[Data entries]
::::
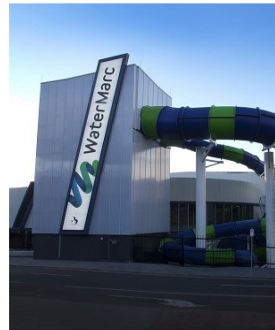
WaterMarc 1 Flintoff Street, Greensborough VIC 3088
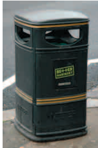
Our goal is to co-ordinate the design and colour of streetscape elements across the Borough.

This does not mean a 'blanket approach' to streetscape design. We also want to respect the diversity of the urban fabric. The specification of co-ordinated elements is a framework that allows for specific design responses at key locations, such as in town centres and conservation areas. For example, Wood Green has a range of distinctive streetscape elements that depart from the standard elements. Other parts of the Borough, (e.g. Seven Sisters and Bruce Grove town centres) have particular street lighting columns.
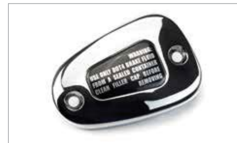
MASTER CYLINDER COVER - CHROME ✂ 0.1 High gloss chrome alternative to standard equipment. A9738061
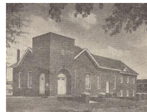
Remodeled Church, 1956
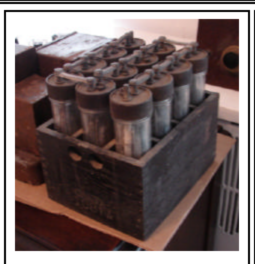
Willard wet cell "B" (24 volt) battery
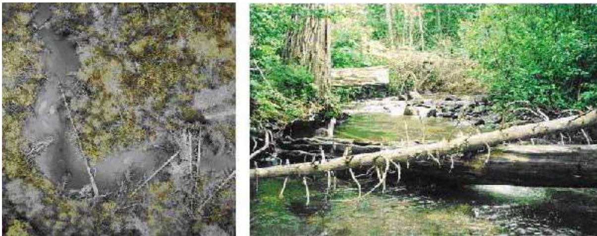
Figure 14: Low-level air photograph of O'Ne-ell Creek taken at an altitude of 100 m (left), together with a close-up view of large woody debris (right).
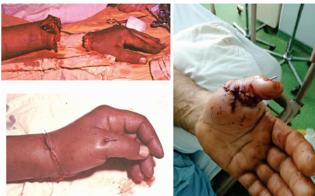
FIGURE 3. Cases of replantation

Vascularized bone should be saved for reintegration, as well as vascularized soft tissues in order to attempt coverage or closure. Salvage of spare parts should be attempted whenever possible, usable lat-
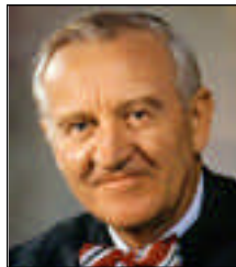
Justice John Paul Stevens

A U.S. Supreme Court justice has struck down the city of Cincinnati's OH ban against a Jewish display of the menorah on a downtown square — and all other religious exhibits — during the holiday season.
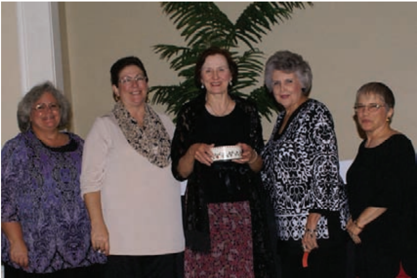
Convention raffle presenters and winners.
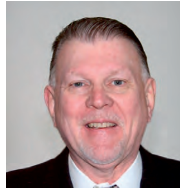
Commissioner THOMAS WINTERS
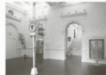
1809 JT Payment
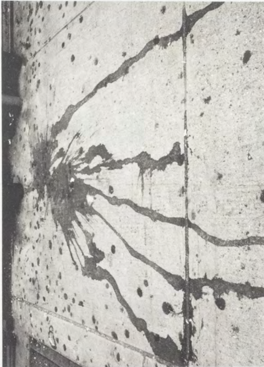
Adam McEwen Untitled, 2013 inkjet print on cellulose sponge 200 x 150 cm (78 3/4 x 59 in)
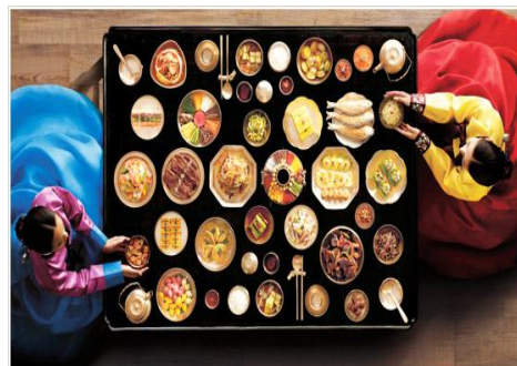
Traditional Korean Cuisine & Culture

Hotel: ibis Ambassador Seoul Insadong Hotel (3.5*) or similar
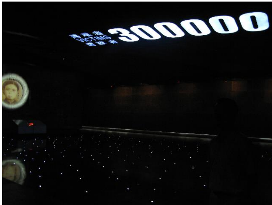
Projected faces of victims float across a pond shimmering with candles beneath a glowing reminder of the death tally.

Visitors descend into the museum, a mood-transforming experience as the past is exhumed and the inferno relived. Down the walkway visitors first confront a replica of the city walls with the sounds of bombardment, air raid sirens wailing, anti-aircraft guns blazing and a video of Japan's attacking bombers. From this sensory assault, one proceeds to a tranquil darkened room with a reflecting pond shimmering with electric "candles" over which projected images of victims' faces float towards the visitor, beneath a ceiling glowing with the talismanic 300,000, as a bell solemnly tolls.
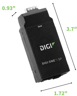
DigiOne® SP - FRONT

For a full list of accessories, visit www.digi.com
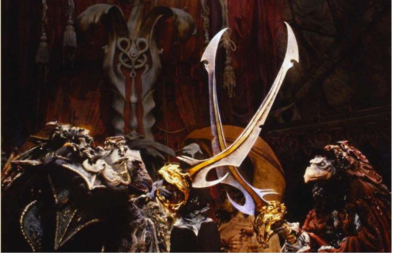
Fig. 16. skekUng the Garthim Master and skekSil the Chamberlain engage in a Trial by Stone.
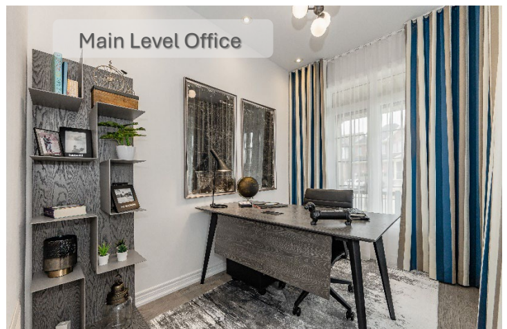
Main Level Office
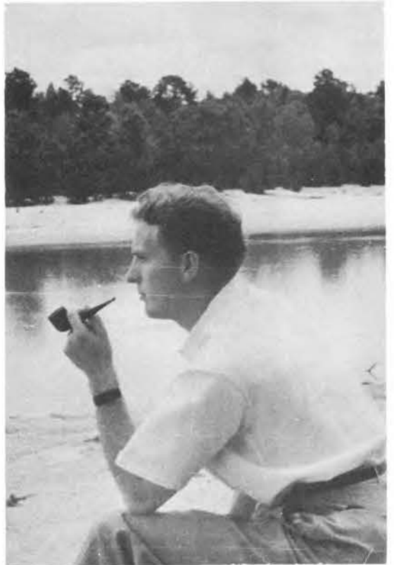
Handsome, isn't he? San Jacinto River, May 1941
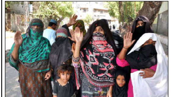
HYDERABAD: Women residents of Tando Jam are holding protest demonstration against high handedness of their area police department, at Hyderabad press club.

said that urban development is not possible without the cooperation of businessmen and other stakeholders. He suggested that a forum should be formed with administrative officers, businessmen and other stakeholders headed by the Deputy Commissioner so that a comprehensive plan could be made and implemented to provide relief to the citizens. He said that funds have been allocated for the problems of sewage in the city and construction and repair of roads.
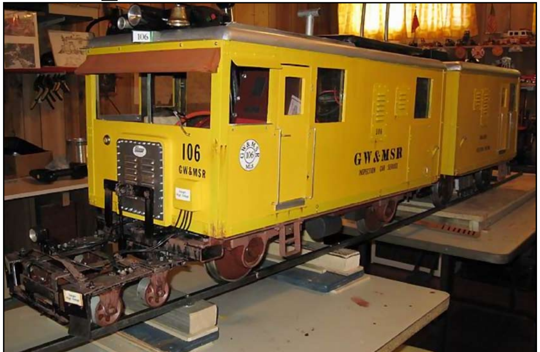
Wayne Clifford decided to model MOW equipment including this Edwards Motor Car

"The biggest piece is a rail inspection motor car with self propelled detector car combining the features of many branch line motor cars of the 1920's era. I have named this an Edwards motor car as they built many unusual motor cars before and after the war, 1921 - 1960 and they are still in business today setting up and refurbishing antique rail cars using big block chevy V-8's," explains Clifford. "I will be sitting on this motor car controlling three DC voltages 6, 12 & 24 producing three speeds. Around my neck will be a radio control unit operat-
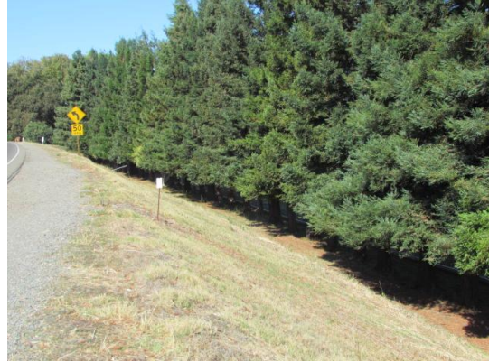
Looking southwest at dense redwood trees on landward toe and berm.
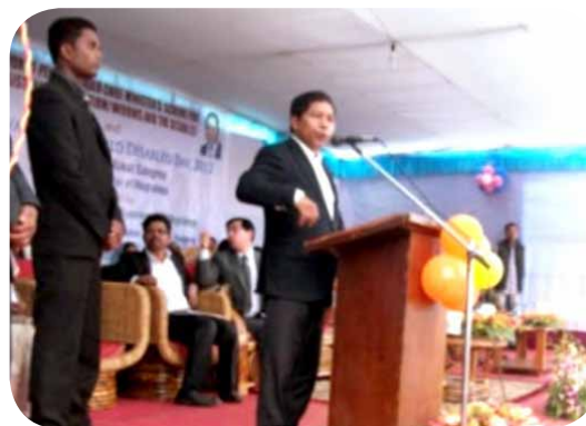
Observation of World Disabled Day

The officials attended the meeting of Child Welfare Committee (CWC) and in Deputy Commissioners Chamber Williamnagar and discussed issues on child labour.
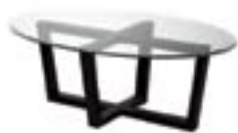
OT801 MONZA COCKTAIL TABLE Black 50"Wx32"Dx18"H
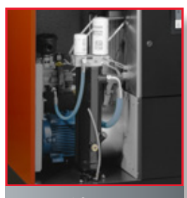
Easy and fast

Insulation foam, deflectors and antivibration pads assure low noise levels.
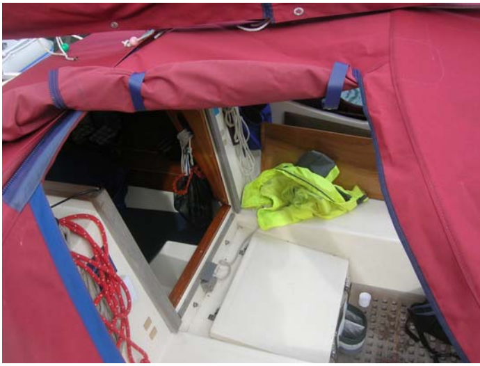
Port side panel rolled up
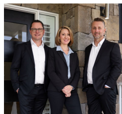
The Sales Team 03 5755 1307

View : https://www.dickensrealestate.com.au/sale/vic/north-eastern/bright/residential/house/6929800
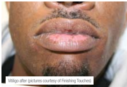
Vitiligo after
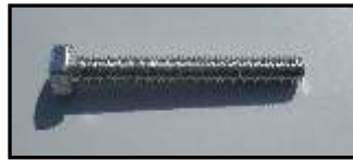
P-28 - 62x7.5MM - QTY. - 8
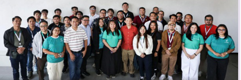
Three-day immersion in the Converge Angeles Data Center Tier III facility advances the growing collaboration under the UP–Converge MOU, structured around the UP OVPDx Data Center Staff Competency Framework

a working data center, learning from the engineers, executives, and professionals who operate it every day. That is how we build real institutional capability — not through frameworks on paper, but through practice.”
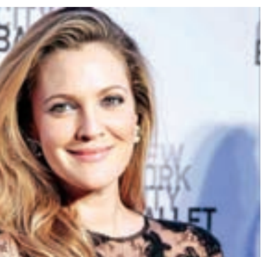
Actress Drew Barrymore

"I love stories that are humorous, emotional and welcoming, and that is my goal in writ-
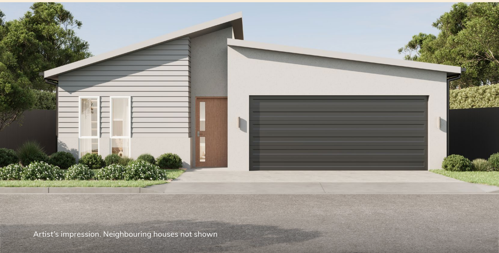
Artist's impression. Neighbouring houses not shown
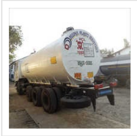
Spiral HDPE Lined Transportation Tanker
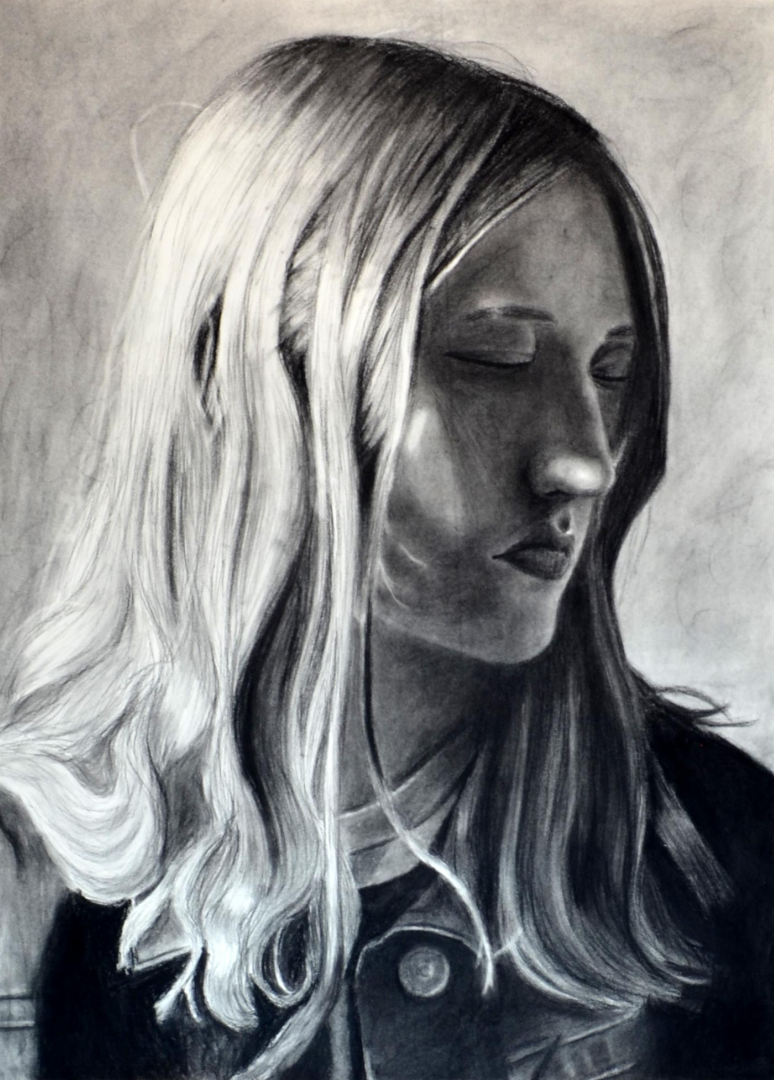
Self Portrait in Chiaroscuro- Drawing 1, Charcoal 16x25in, 2024
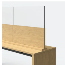
Partial height Acrylic with laminate base

(Temporarily fixed with double-sided tape)
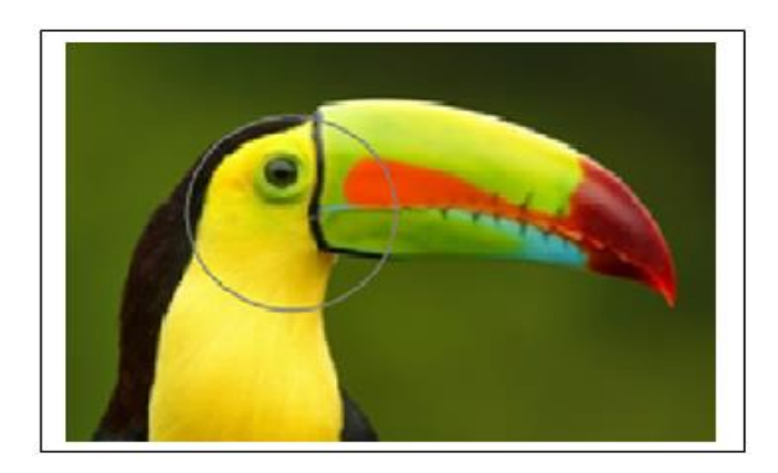
Figure-3. SVG image before zoom

Vector based graphics is defined by the SVG. Even after the compression and enlargement of image the quality of the image will not be lost. The images of SVG can be scalable as well as searched, scripted, indexed and compressed.
::::
▶ _Task instructions_
Please copy the lines above exactly, starting at the line that holds "1809 JT Payment" and ending at the line that holds "Projected faces of"; include both, but no pictures.

▶ _Written answer_
1809 JT Payment
Adam McEwen Untitled, 2013 inkjet print on cellulose sponge 200 x 150 cm (78 3/4 x 59 in)
Traditional Korean Cuisine & Culture

Hotel: ibis Ambassador Seoul Insadong Hotel (3.5*) or similar
Projected faces of victims float across a pond shimmering with candles beneath a glowing reminder of the death tally.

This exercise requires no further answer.